**INSTRUCTIONS FOR THE TASK**
Some of the lines below need repeating. Reproduce exactly those between the lines holding "Os pinguins sobem" and "Im Inneren des", inclusive.

**SUPPLIED INFORMATION**
______
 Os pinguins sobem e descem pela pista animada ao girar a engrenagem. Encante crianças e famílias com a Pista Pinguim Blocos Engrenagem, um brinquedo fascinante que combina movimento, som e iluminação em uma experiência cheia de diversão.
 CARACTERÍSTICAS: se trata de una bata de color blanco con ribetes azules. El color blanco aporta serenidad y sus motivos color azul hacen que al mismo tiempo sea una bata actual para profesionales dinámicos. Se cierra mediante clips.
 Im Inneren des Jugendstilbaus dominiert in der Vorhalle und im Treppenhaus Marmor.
______
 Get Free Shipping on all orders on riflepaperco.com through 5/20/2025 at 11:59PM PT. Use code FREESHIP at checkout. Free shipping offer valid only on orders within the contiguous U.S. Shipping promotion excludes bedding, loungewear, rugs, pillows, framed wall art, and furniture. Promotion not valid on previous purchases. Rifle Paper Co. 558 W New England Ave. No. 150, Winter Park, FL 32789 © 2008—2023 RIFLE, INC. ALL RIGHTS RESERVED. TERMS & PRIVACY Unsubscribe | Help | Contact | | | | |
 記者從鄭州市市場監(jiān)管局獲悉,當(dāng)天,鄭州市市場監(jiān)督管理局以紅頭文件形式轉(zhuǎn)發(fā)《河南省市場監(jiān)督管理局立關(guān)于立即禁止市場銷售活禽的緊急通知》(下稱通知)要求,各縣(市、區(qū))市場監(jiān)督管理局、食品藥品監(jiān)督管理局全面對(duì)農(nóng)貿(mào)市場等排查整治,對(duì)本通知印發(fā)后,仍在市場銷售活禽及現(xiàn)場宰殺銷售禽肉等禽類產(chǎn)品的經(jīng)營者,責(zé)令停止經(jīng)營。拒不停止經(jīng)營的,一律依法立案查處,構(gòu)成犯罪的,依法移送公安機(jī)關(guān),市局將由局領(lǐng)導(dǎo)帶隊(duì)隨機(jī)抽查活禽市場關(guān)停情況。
______
**ANSWER FOR THE TASK**
 Os pinguins sobem e descem pela pista animada ao girar a engrenagem. Encante crianças e famílias com a Pista Pinguim Blocos Engrenagem, um brinquedo fascinante que combina movimento, som e iluminação em uma experiência cheia de diversão.
 CARACTERÍSTICAS: se trata de una bata de color blanco con ribetes azules. El color blanco aporta serenidad y sus motivos color azul hacen que al mismo tiempo sea una bata actual para profesionales dinámicos. Se cierra mediante clips.
 Im Inneren des Jugendstilbaus dominiert in der Vorhalle und im Treppenhaus Marmor.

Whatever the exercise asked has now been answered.